Here we show that mBSA shares properties with both oligomeric amyloid precursors and fibrous amyloid. mBSA is able to activate the inflammasome in macrophages and induce profound immune cell infiltration in vivo. Thus the amyloidogenic properties of mBSA render it capable to initiate inflammation and may explain the adjuvant effect observed in vivo.

Materials and Methods

Reagents

Bovine serum albumin (BSA), mBSA and thioglycollate medium were purchased from Sigma. Amyloidogenic peptides were obtained commercially: Aβ (1–42) from EMD Biosciences and reverse Aβ peptide from California Peptide Research.

Binding with Amyloid-specific Dyes

The assays were performed as described previously [20]. Briefly, BSA samples (0.5 mg/ml) were mixed with 50 µM of Thioflavin T (Sigma-Aldrich) and measured for fluorescence emission in a spectrofluorometer (Jasco FP-6500) with an excitation wavelength of 450 nm and an emission between 450–600 nm. Proteins were also mixed with 5 µM of 4,4-dianilino-1,1-binaphthyl-5,5-disulfonic acid dipotassium salt (bis-ANS; Sigma-Aldrich). The fluorescence was measured in spectrofluorometer with an excitation wavelength of 395 nm and an emission between 420 and 580 nm. Alternatively, BSA samples (50 µg/ml) were pre-mixed with denatured salmon sperm ssDNA (50 µg/ml) for 2 hours at room temperature. After incubating with Congo Red (30 µg/ml) for 30 min, the fluorescence was measured in a spectrofluorometer with an excitation wavelength of 497 nm and an emission between 600 and 700 nm. For microscopic analysis, BSA samples (500 µg/ml) were first mixed with denatured salmon sperm ssDNA (500 µg/ml) for 2 hours at room temperature. Samples were then deposited in wells of a positive charged Teflon printed slide, 8 well 6 mm diameter (Electron Microscopy Sciences) and air dried. Samples were fixed in 4% paraformaldehyde, washed in water and stained with 1% Thioflavin S or 1% Congo Red in 80% Ethanol, 100 mM NaOH. Slide was washed in 80% Ethanol, air dried, and analyzed microscopically in bright and polarized light using Olympus BX41 microscope.

Transmission Electron Microscopy Analysis

Samples were placed on 400 mesh carbon coated, formvar coated nickel grids treated with poly-l-lysine for 1 hour. Excess samples were blotted with filter paper, then stained with filtered aqueous 2% uranyl acetate for 2 mins. Stain was blotted dry from the grids with filter paper and samples were allowed to dry. Samples were then examined in a JEM 1010 transmission electron microscope (JEOL, USA, Inc., Peabody, MA) at an accelerating voltage of 80 Kv. Digital images were obtained using the AMT Imaging System (Advanced Microscopy Techniques Corp., Danvers, MA).

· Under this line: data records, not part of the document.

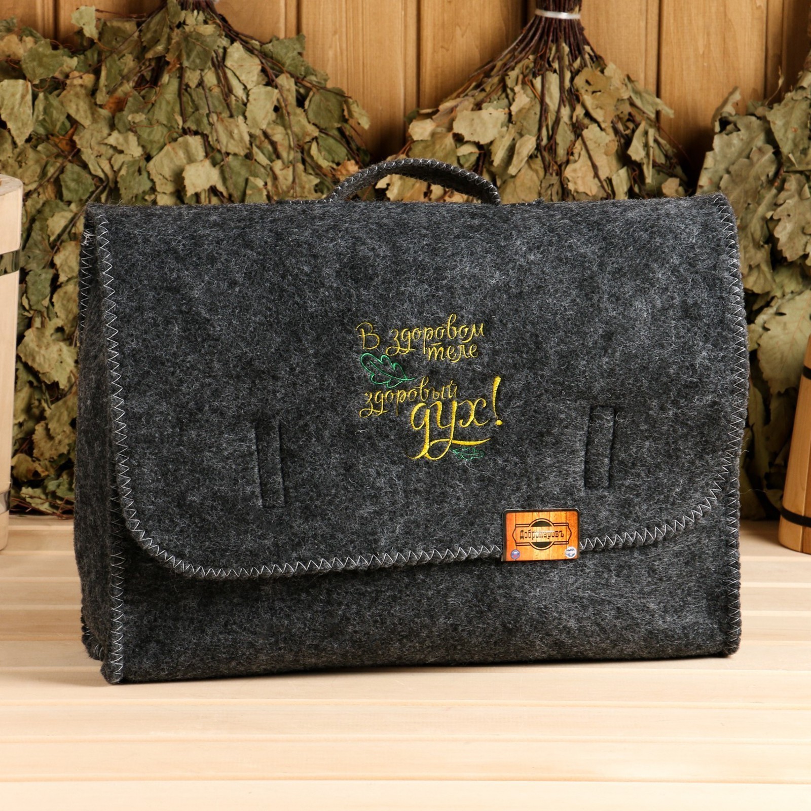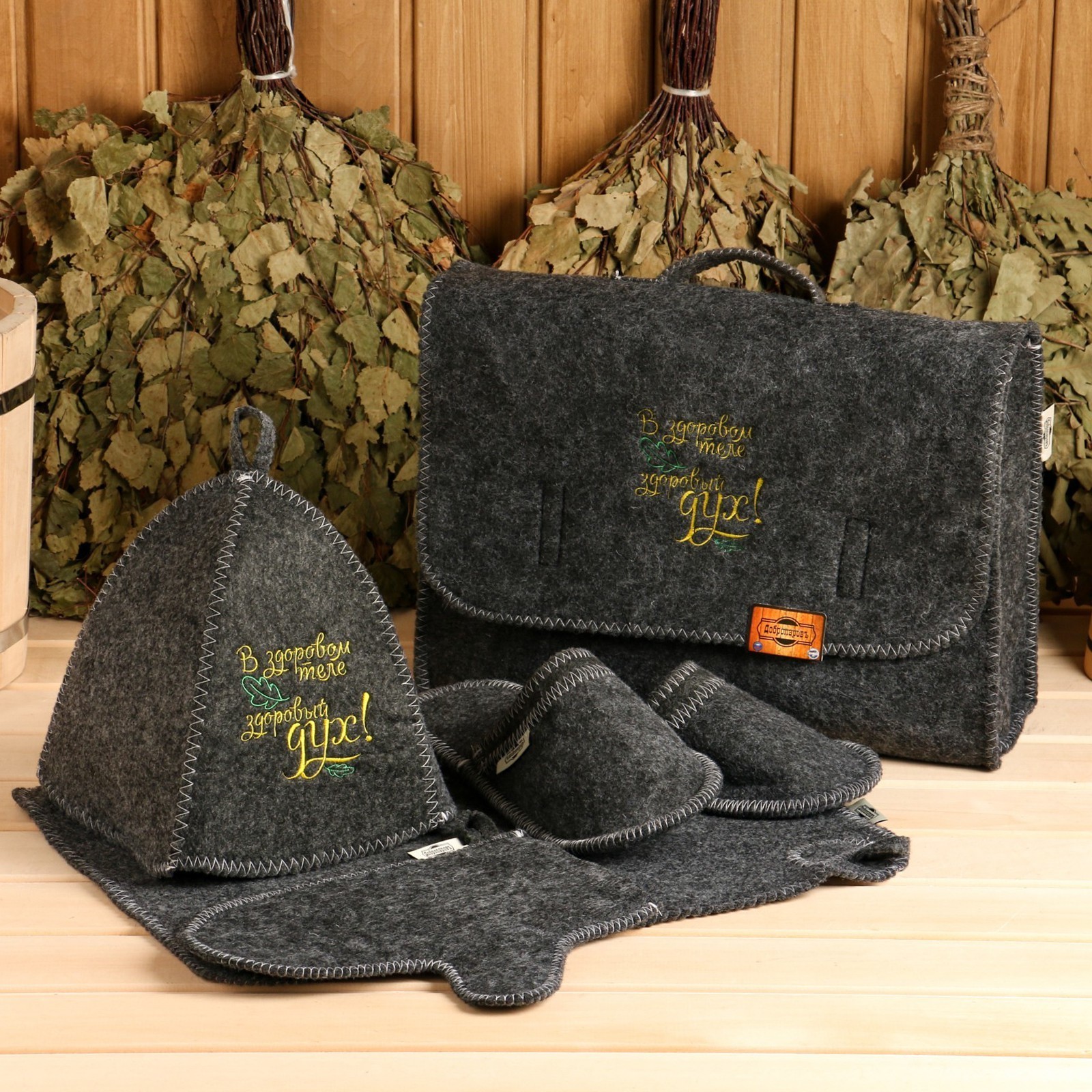 Набор для бани с вышивкой «в здоровом теле здоровый дух!», 5 предметов: портфель, шапка, рукавица, тапки, коврик, «добропаровъ»
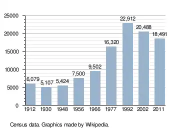 According to the 2011 census, the town had a population of 18,491. Of the residents for whom data were available, 91.1% were Székely Hungarians, 7.2% Romanians, and 1.6% Roma.[4] The historical demographic evolution is as follows:
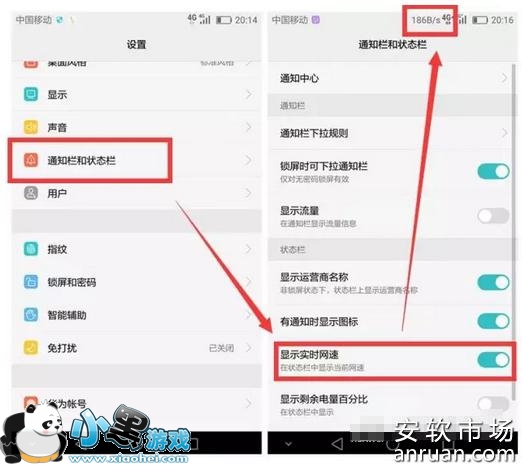 进入设置--通知栏和状态栏--显示实时网速,简单方便实用。
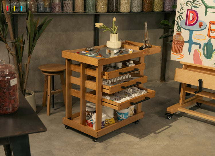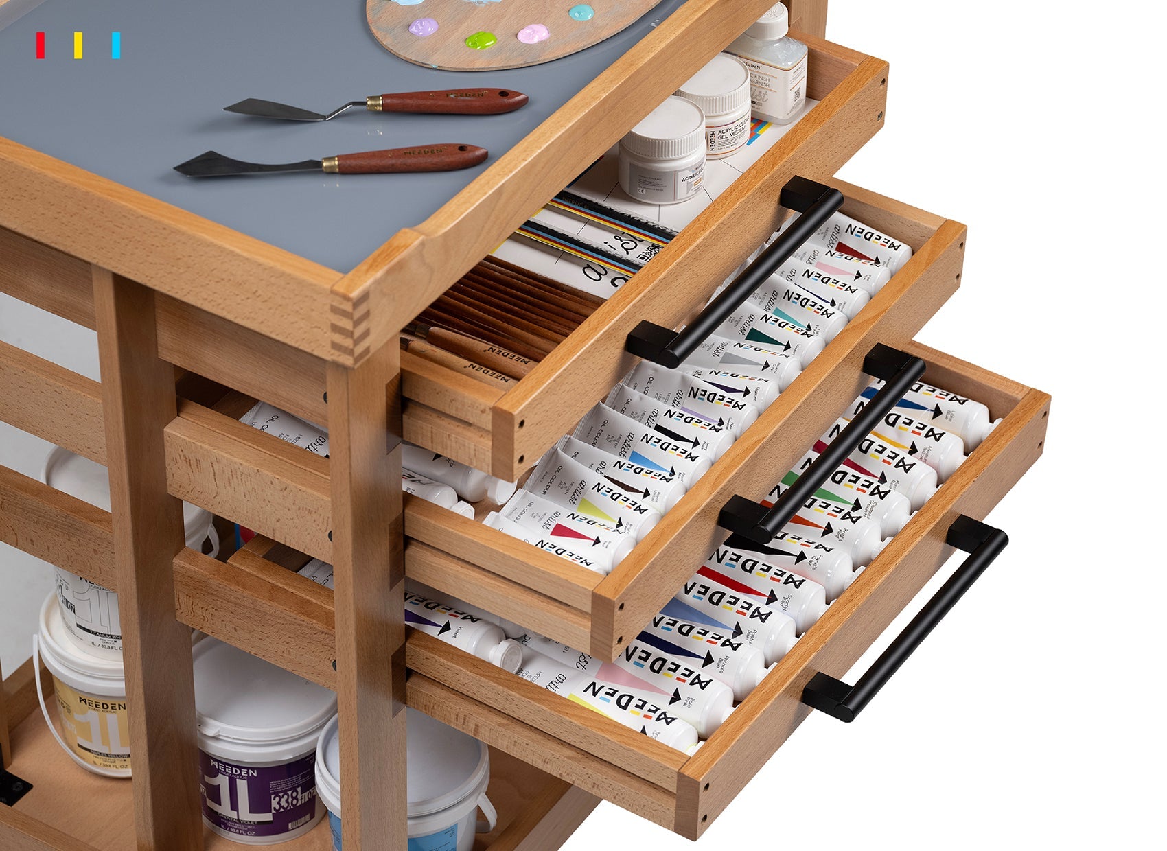 The three-tiered drawers are designed for effortless access, with smooth glides that make reaching your art supplies a breeze. Their spacious compartments provide ample room to store and organize your materials, ensuring a clutter-free workspace and enhancing your creative efficiency.
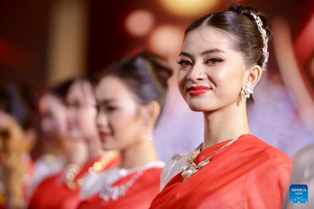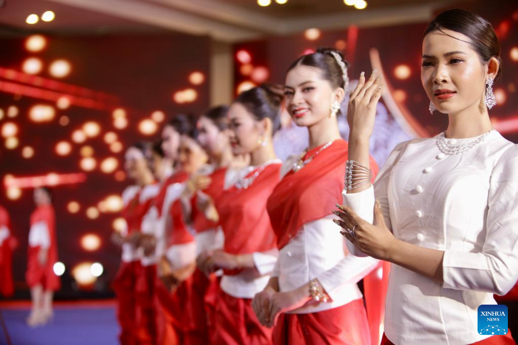 Models present gems and jewelry during the 15th edition of Cambodia International Gems and Jewelry Fair in Phnom Penh, Cambodia on March 21, 2024. The 15th edition of Cambodia International Gems and Jewelry Fair kicked off here on Thursday, aiming to boost trade of precious stones and jewelry, a commerce official said. (Photo by Phearum/Xinhua)
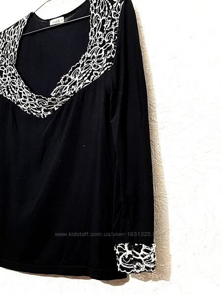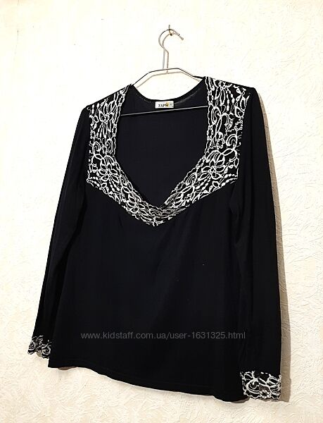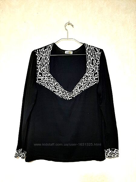 Подробное описание: Блузка кофточка чёрная женская белая кружевная отделка XL ZAPS Польша
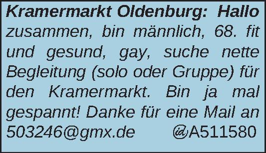 Hallo zusammen, bin männlich, 68. fit und gesund, gay, suche nette Begleitung (solo oder Gruppe) für den Kramermarkt. Bin ja mal gespannt ... 503246@gmx.deKontakt
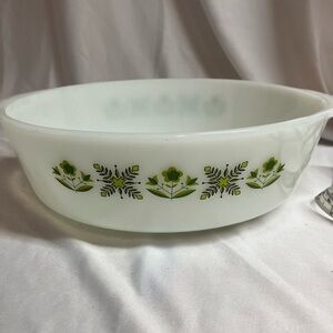 Anchor Hocking Fire King White and Green Bakeware Dish
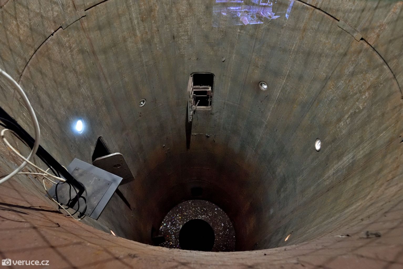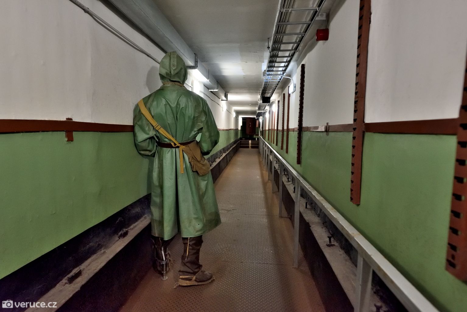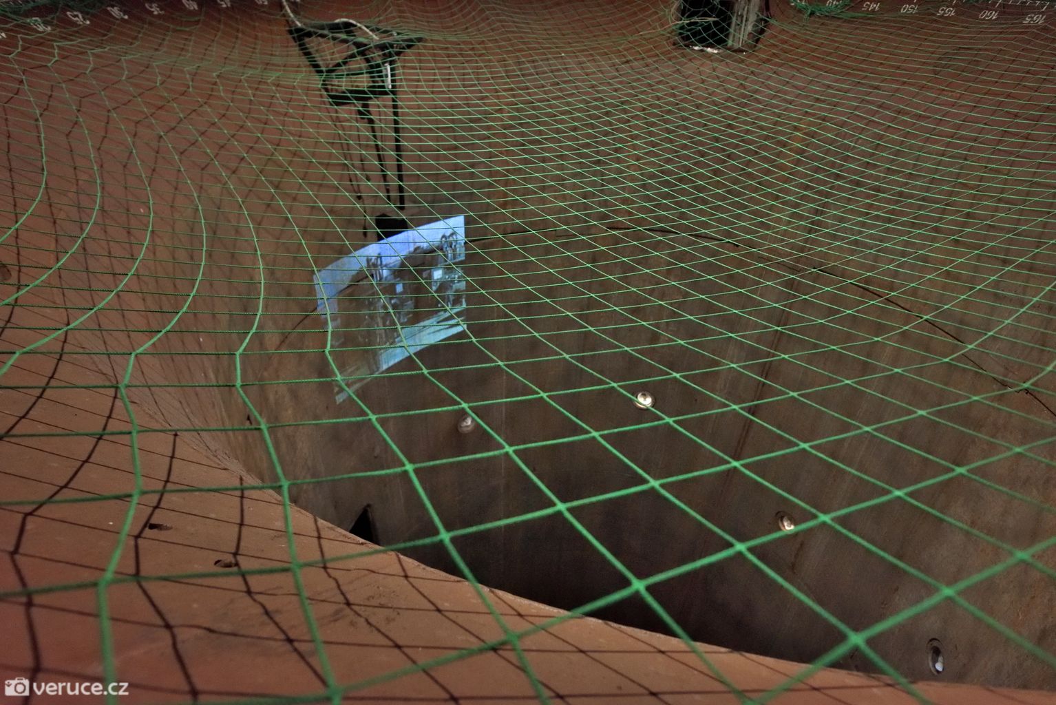 Tyhle “čepičky” jsou to jediné, co je z komplexu na povrchu vidět. Jedno ze sil je dnes v rámci Muzea studené války zpřístupněno. Jde se k němu dlouhou chodbou, kterou střeží jeden uniformovaný fešák. (Víte, že tohle slovo neznačí jen elegána, ale i vykastrovaného psa?) Na dalších fotkách je k vidění původní servisní přístup k samotné šachtě. Dá se jím bez problémů prolézt i s těhotenským břichem, ale pro ty, co se nechtějí protahovat úzkým průlezem, se tu najde i nově zbudovaný a méně náročný vstup. :) Následují záběry na samotné silo, které je dnes chráněno sítí. Ta sice brání pádu návštěvníků dolů, už je ale málo platná proti obecnému nešvaru do každé ďoury házet mince. Ještě to celkem chápu u fontán a studánek, kde to má být pro štěstí, ale tady nebo třeba ve výběhu aligátora fakt ne.
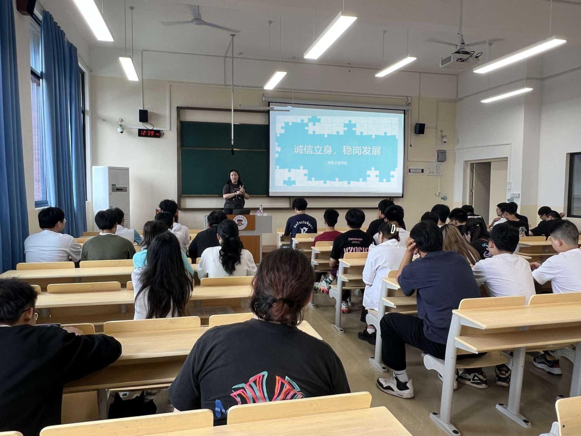 为维护毕业生与用人单位合法权益,构建和谐有序的就业市场环境,5月22日至23日,机电工程学院面向2025届毕业生,成功举办以“诚信立身,稳岗发展”为主题的就业诚信教育主题活动,活动由年级主任陈筱婕老师主持。
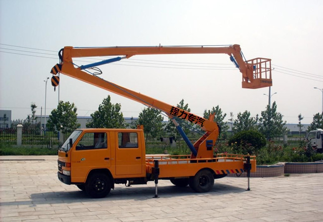 三节折臂液压举升装置,采用国产、进口换向阀及液压油缸,换向平稳,操作方便灵活,转台、工作斗双工位操作,支腿与工作臂互锁,安全可靠,防止误操作,系统设过载保护阀,油压超过定值自动卸载。H型支腿,跨距大,稳定性好,支腿即可独立伸缩,又可联动,装有支腿爆闪灯,用于支腿示廓,发出光报警信号。工作斗自动调平,外置拉杆强制平衡,作业范围大,带1吨吊钩,360度连续旋转,工作斗最大载荷200KG。
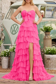 Chiffon Fuchsia Sweetheart Neck Tiered Ruffles A-Line Floor Length Prom Dress with Slit
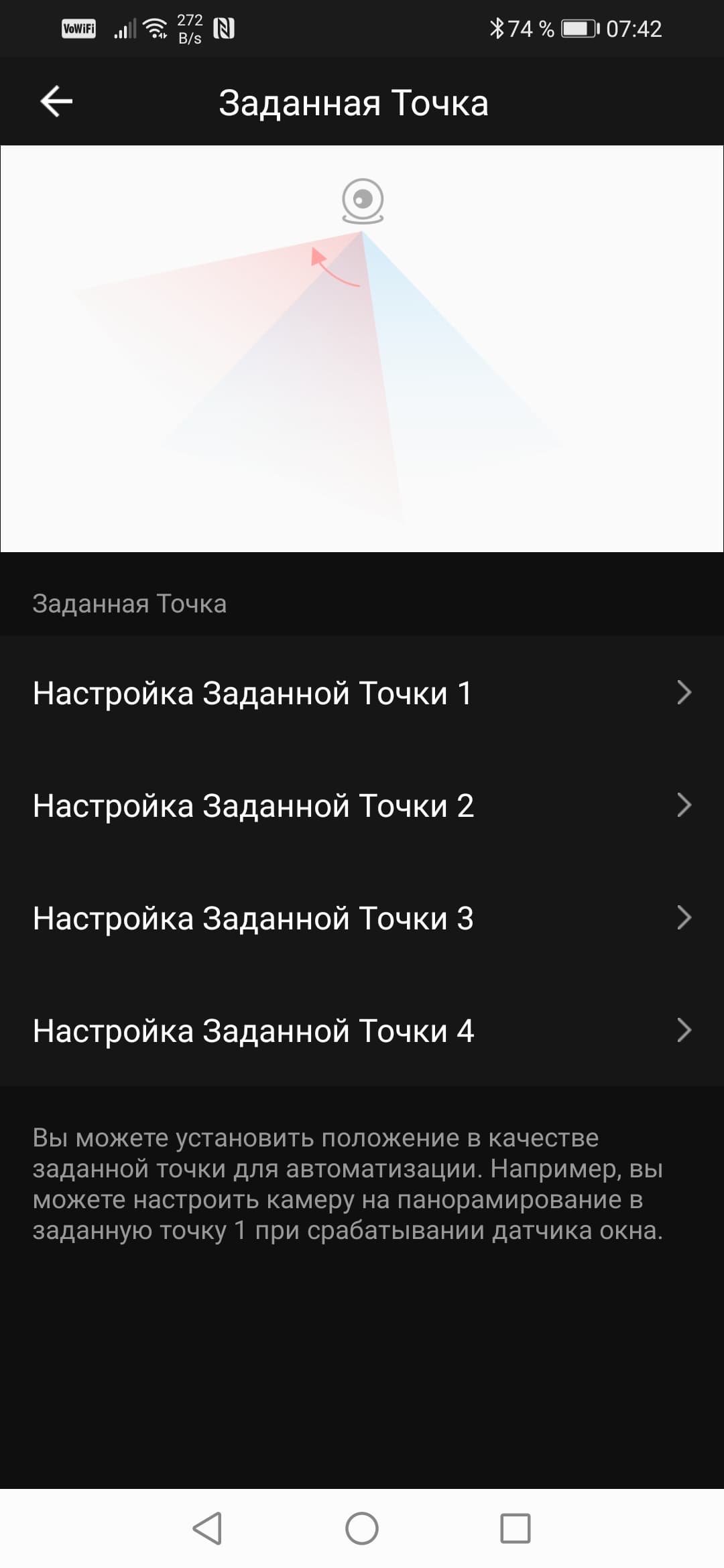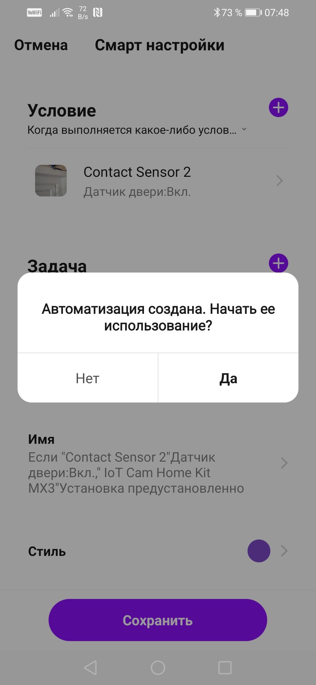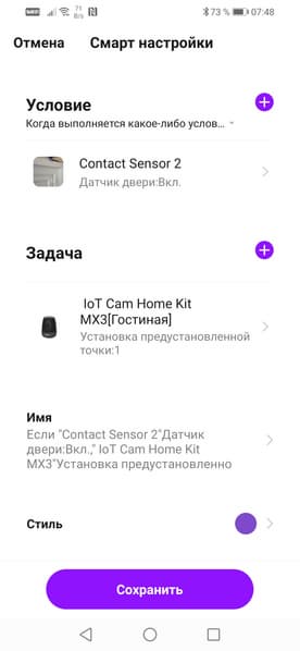 Следующая полезняшка, о которой необходимо рассказать — автоматизация, которую дарят Смарт-сцены. Представьте ситуацию: сработал датчик открытия двери. Вам, разумеется, захочется узнать — кто же, собственно, является нарушителем. Очень просто. Несколько тычков пальцем в нужные пункты, и теперь при каждом срабатывании этого датчика камера станет поворачивать свой объектив в нужную сторону, тем самым нарушитель непременно будет записан.
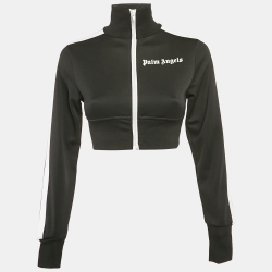 Palm Angels Black Logo Print Jersey Zip-Up Cropped Jacket XS
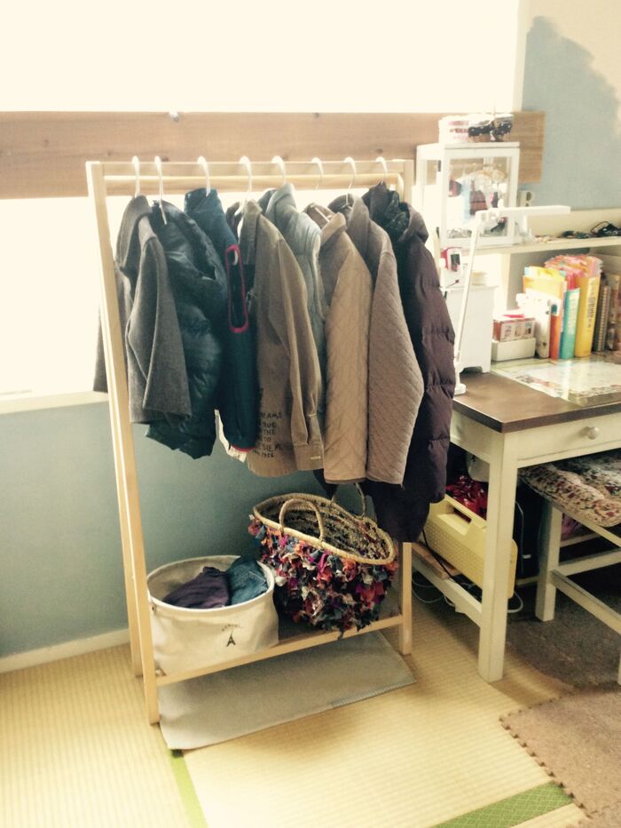 DIY☆子供の上着、自分たちで選んでサッと着られる折りたたみラックハンドメイドの作り方・アイデア暮らしニスタ。

Nucleic Acid-binding Gel Shift Assay

Different proteins were incubated with 0.5 µg of denatured salmon sperm ssDNA in TE buffer (10 mM Tris-Cl, pH 7.4 and 1 mM EDTA) for 60 min. The samples were then loaded onto 1% agarose gel and subjected to electrophoresis separation. For inhibition with glycosaminoglycan, BSA proteins were pre-incubated with different amounts of heparin for 15 min prior to mixing with DNA.

Binding of SAP to mBSA

Different concentrations of Aβ peptide (1-42), Aβ (42-1), mBSA or mBSA+ssDNA in carbonate buffer were coated in ELISA plates overnight at 4°C. The plates were blocked with buffer containing 150 mM NaCl, 25 mM Tris, 1% BSA, 2 mM CaCl2 for 1 hour at room temperature. After several washes, biotinylated human SAP (Calbiochem) (4 µg/ml) was added for 2 hours. Then, streptavidin-HRP was added for 1 hour and TMB used as the substrate. Absorbance at 450 nm was read using a spectrophotometer SpectraMax M5e (Molecular Devices).

Cytotoxicity

Proteins were incubated with RPMI 8226 (1×106/ml) at different concentrations in culture medium at 37°C for 24 hrs. Cells were washed, resuspended in propidium iodide containing buffer (BD Bioscience) and analyzed on a FACSCalibur™ cytometer (BD Bioscience). In some experiments, proteins were mixed with ssDNA or heparin at 1∶1 ratio 30 min prior to adding to the cells.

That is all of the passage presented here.